Designated Funds

Designated Funds are component funds whose beneficiaries have been specified by the donor when the fund is established. The Pittsburgh Foundation assumes the oversight responsibility for ensuring that these funds are distributed as the donor intends. Many designated funds name a specific organization.


Designated Funds can be established by an individual or couple, a family, a business or any other group of people with shared charitable interests.


Designated Funds allow you to personally receive a tax deduction, and at the same time benefit your community by advising the Foundation of your charitable intents in perpetuity.


Designated Funds give donors the opportunity to work with the Foundation's professional program staff in determining immediate or long-term needs within our community. Staff members are knowledgeable about the needs and resources of our area and can help you evaluate proposals or explore new areas of grantmaking.


All grants from the fund are made in the name of the fund, in perpetuity.
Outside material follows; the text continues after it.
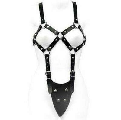 Practica el BDSM, con este Arnes leather para mujer, completamente enlazado de arriba abajo y 100% ajustable.

Donors who prefer anonymity can choose names that reflect their funds' charitable purposes.

Designated Fund Example

Henry P. Spilker (approx. b. 1906 - d.  1970), president of the Sterrit&Thomas Foundry Company in the Strip District and member of the Engineers’ Society of Western Pennsylvania,  chose to give monies each year for the purchase for braces for children in Allegheny County through the organization called the Home for Crippled  Children.  The Spilker family originated from German immigrants to Western Pennsylvania with a strong service ethic. 
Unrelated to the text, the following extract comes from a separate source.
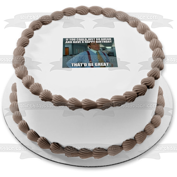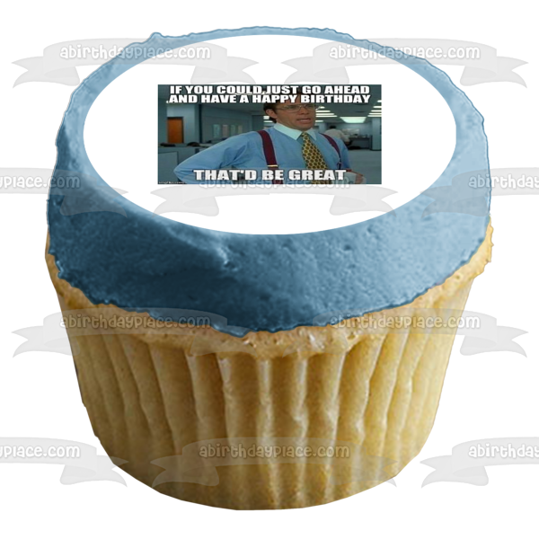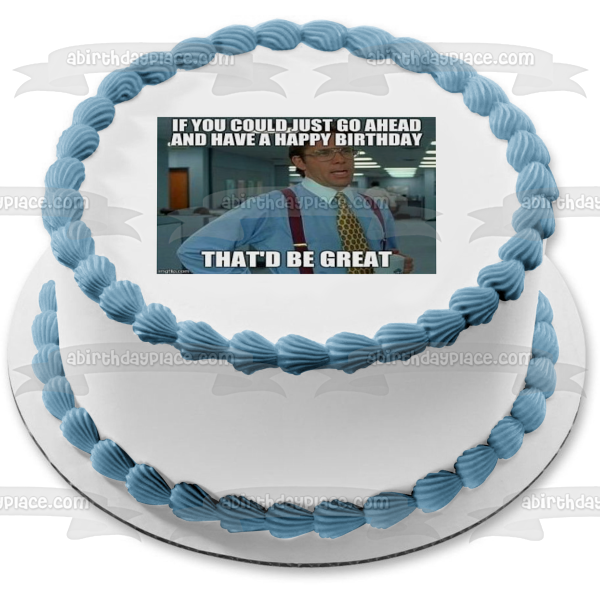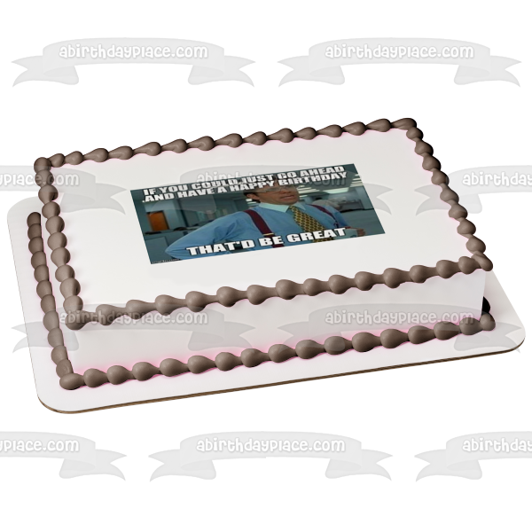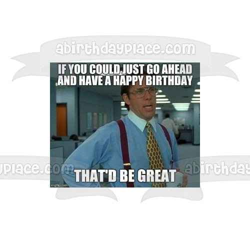 Decorate your Cake with this Office Space Happy Birthday Meme themed Edible Cake Topper Image featuring Bill Lumbergh and the words If You Could Just Go Ahead and Have A Happy Birthday That'd Be Great!

The Spilker “loan” fund as it was called in the earlier part of the last century was administered by various civic organizations before the trustees chose to entrust its care to The Pittsburgh Foundation.  The Henry P. Spilker Crippled Children Brace Fund was established with The Pittsburgh Foundation in 1974.  One-third of the grants are designated specifically for the”Home for Crippled Children in Pittsburgh”. 
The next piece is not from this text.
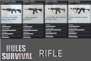 Ada 4 macam Rifle di Rules of Survival yaitu : M14EBR RIFLE, M4A1 Rifle, AR15 Rifle, dan AKM Rifle. Setiap senjata memiliki kelebihan dan kekurangan masing-masing.

Mary Irwin Laughlin founded The Children's Institute in 1902 as the ‘Home for Crippled Children” to care for a six-year-old boy whose legs had been severed in a train accident. Later called The Rehabilitation Institute, The Hospital at The Children's Institute today is a leader in pediatric rehabilitation techniques and provides individualized treatment programs along a broad continuum of care: inpatient care, outpatient care, transitional and subacute care, home care.   As this organization has gone through different stages of administration and development over the years,  Mr. Spilker’s designated fund has been able to continue to give to this organization thanks to the ability of The Pittsburgh foundation to adapt the current times.

Since the original inception of the Spilker Fund in 1960, over $14 million has provided equipment for local children with physical challenges for the last 50 years.